§ EXERCISE
Nothing but the lines from the first line of the entries through the line with "当应用触发文件的随机访问时,会调用一组S" should appear in the answer, transcribed exactly and free of pictures.

§ Recorded data
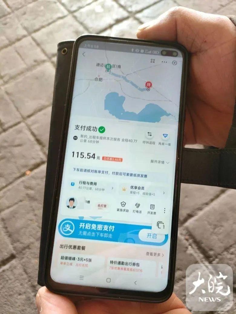 他打网约出租车去巢湖庙岗镇,
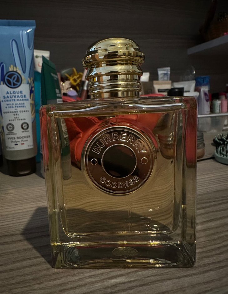 Burberry Goddess kadın parfümü, altın kapaklı şık cam şişede klasik tasarıma sahiptir. Zarif bir koku sunar. Yanlış seri aldığım için maalesef kullanamadım o yüzden satışta bir kaç kez kokusunu bakılmak üzere sıkıldı
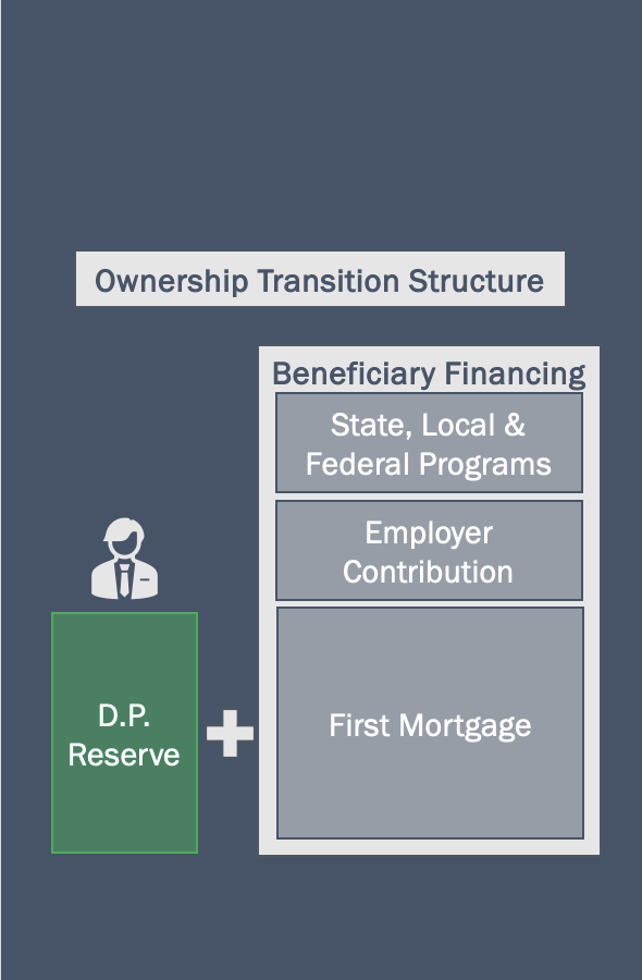 At the end of the 3-year period, participants are offered the opportunity to purchase their home using their reserve funds, traditional mortgages, employer contributions, and/or public homebuyer assistance programs. Our goal is to make the path to ownership achievable and lasting.
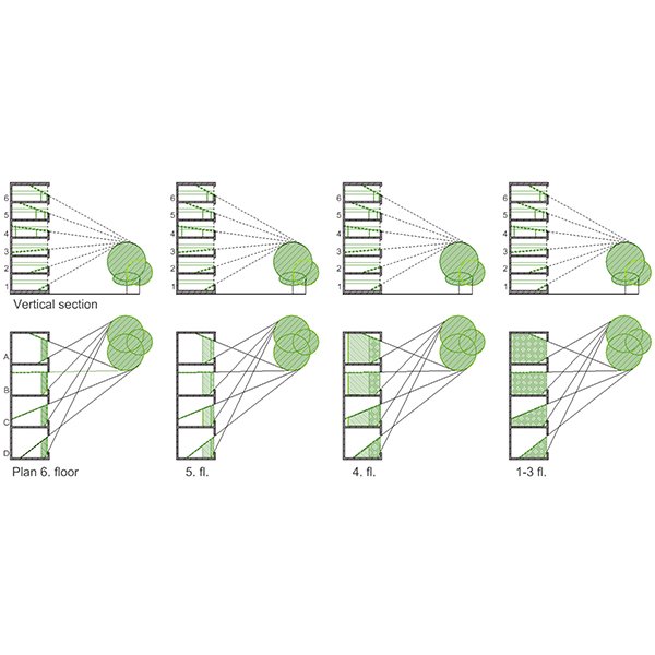 The paper proposes a new tool for evaluation of the degree of visual contact with the outdoor greenery, the Greenery-View factor (GV), intended to be easy to grasp and simple to use.
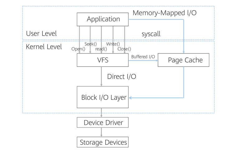 当应用触发文件的随机访问时,会调用一组Syscall去完成文件的操作访问,如open()/seek()/read()/write()/close()等。在这组Syscall中,open()将对文件进行路径查找,将操作系统层级上的路径名转换成其在内核中的表示。open()涉及大量的关联操作,非常消耗系统资源,尤其是针对深层次目录下的文件进行访问。在海量小文件场景下,大量深层次文件的检索直接劣化了open()操作的效率。
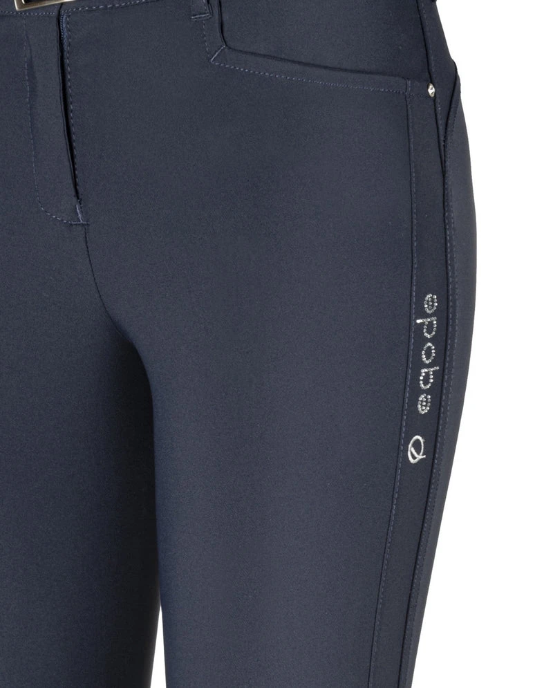 Comfortable Limited Edition breeches from the Eqode Collection. These fashionable ladies breeches are made of a stretchy and very comfortable fabric. The breeches have Q knee grip for extra fine grip. There are 2 side pockets on the front. Elastic leg closure at bottom with Eqode text logo in contrast color. On the left leg is the eqode logo in glitter stones and two crystal buttons at the front pockets complete your look
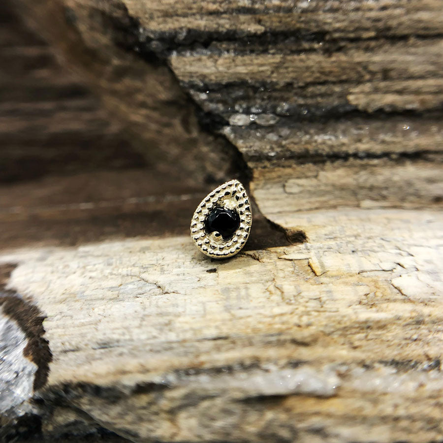 Golden beads in a pear shape surrounding a single 2mm gem.
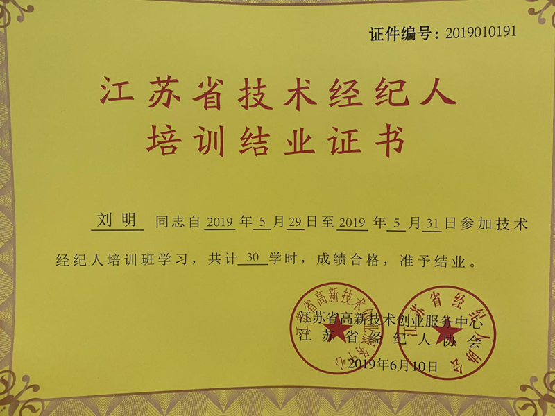 為提高公司服務質(zhì)量、豐富公司人才類型,美多利公司組織員工參加了江蘇省經(jīng)濟技術(shù)經(jīng)紀人培訓課程并獲得了培訓結(jié)業(yè)證書。
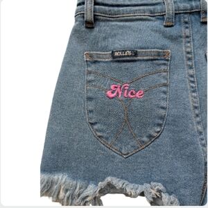 Rolla's Hightails High Rise Denim Shorts Embroidered Banana Beach Size 26/8
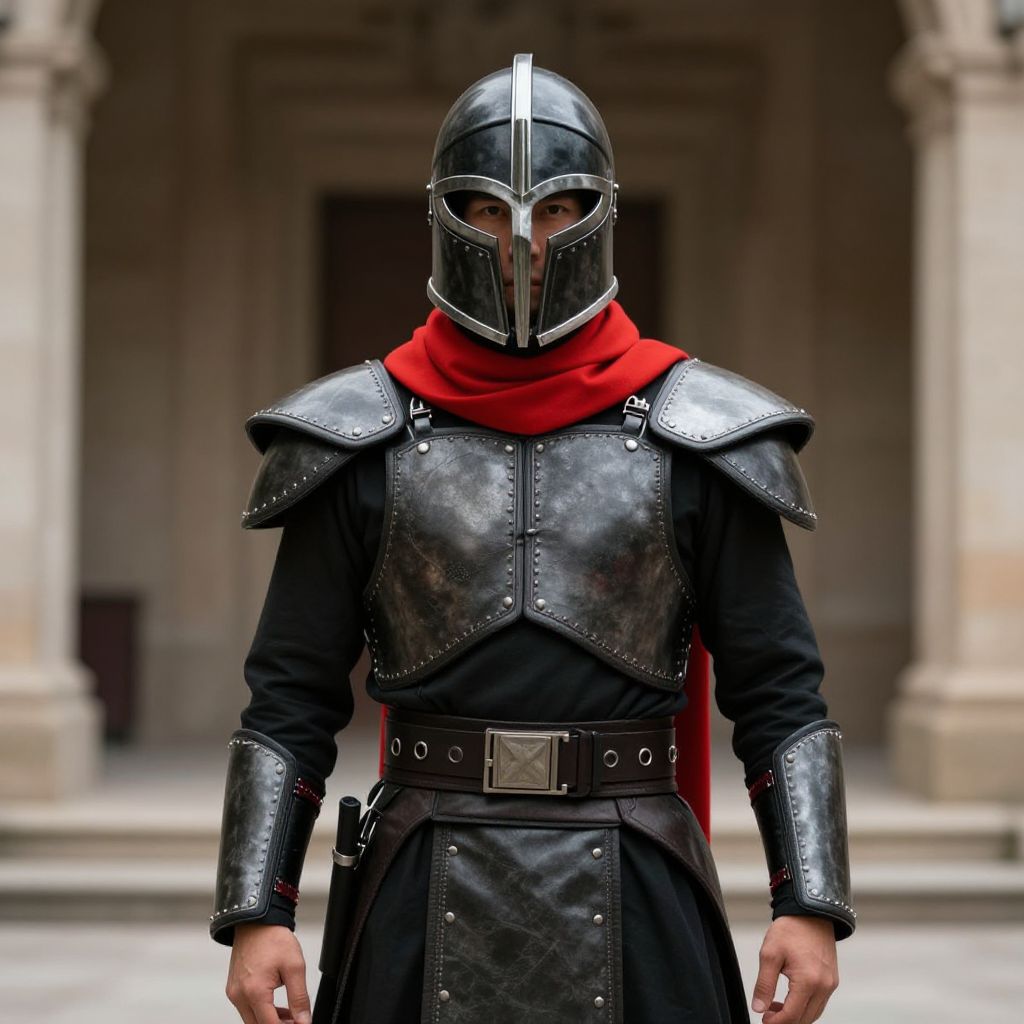 Photograph of a male knight in medieval armor, standing in front of a blurred stone building. He wears a shiny black helmet with a visor, covering his face, and a vibrant red scarf around his neck. His black, leather armor includes pauldrons on the shoulders, a chest plate, and a belt with a square buckle. His black long-sleeve shirt is visible under the armor. The knight's hands rest by his sides, and a small pistol is holstered on his right side. The background features stone columns and a dark doorway. The overall image has a sharp focus on the knight with a soft, blurred background.
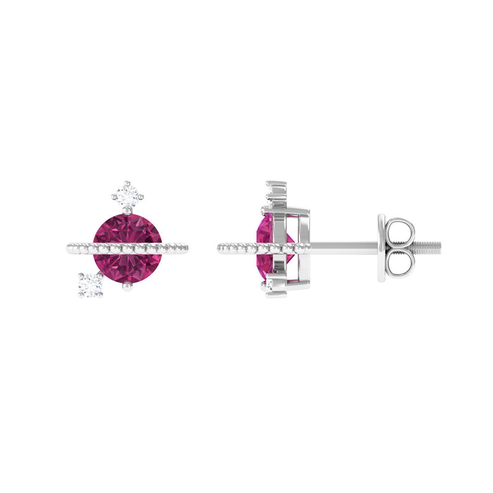 Add a celestial touch to your style with these Pink Tourmaline Celestial Stud Earrings. Sparkling Diamond enhances their enchanting and captivating design.
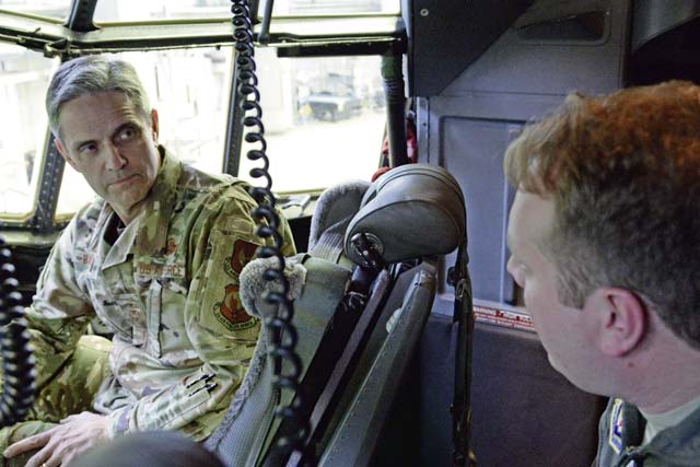 U.S. Air Force Lt. Gen. Steven Basham, U.S. Air Forces in Europe-Air Forces Africa deputy commander, left, speaks with an 86th Airlift Wing Airman aboard a C-130J Super Hercules aircraft during an immersion tour at Ramstein Air Base, Jan. 17. The tour allowed Basham to engage with Airmen and learn how they specifically contribute to the mission.

§ SOLVED PROBLEM
 他打网约出租车去巢湖庙岗镇,
 Burberry Goddess kadın parfümü, altın kapaklı şık cam şişede klasik tasarıma sahiptir. Zarif bir koku sunar. Yanlış seri aldığım için maalesef kullanamadım o yüzden satışta bir kaç kez kokusunu bakılmak üzere sıkıldı
 At the end of the 3-year period, participants are offered the opportunity to purchase their home using their reserve funds, traditional mortgages, employer contributions, and/or public homebuyer assistance programs. Our goal is to make the path to ownership achievable and lasting.
 The paper proposes a new tool for evaluation of the degree of visual contact with the outdoor greenery, the Greenery-View factor (GV), intended to be easy to grasp and simple to use.
 当应用触发文件的随机访问时,会调用一组Syscall去完成文件的操作访问,如open()/seek()/read()/write()/close()等。在这组Syscall中,open()将对文件进行路径查找,将操作系统层级上的路径名转换成其在内核中的表示。open()涉及大量的关联操作,非常消耗系统资源,尤其是针对深层次目录下的文件进行访问。在海量小文件场景下,大量深层次文件的检索直接劣化了open()操作的效率。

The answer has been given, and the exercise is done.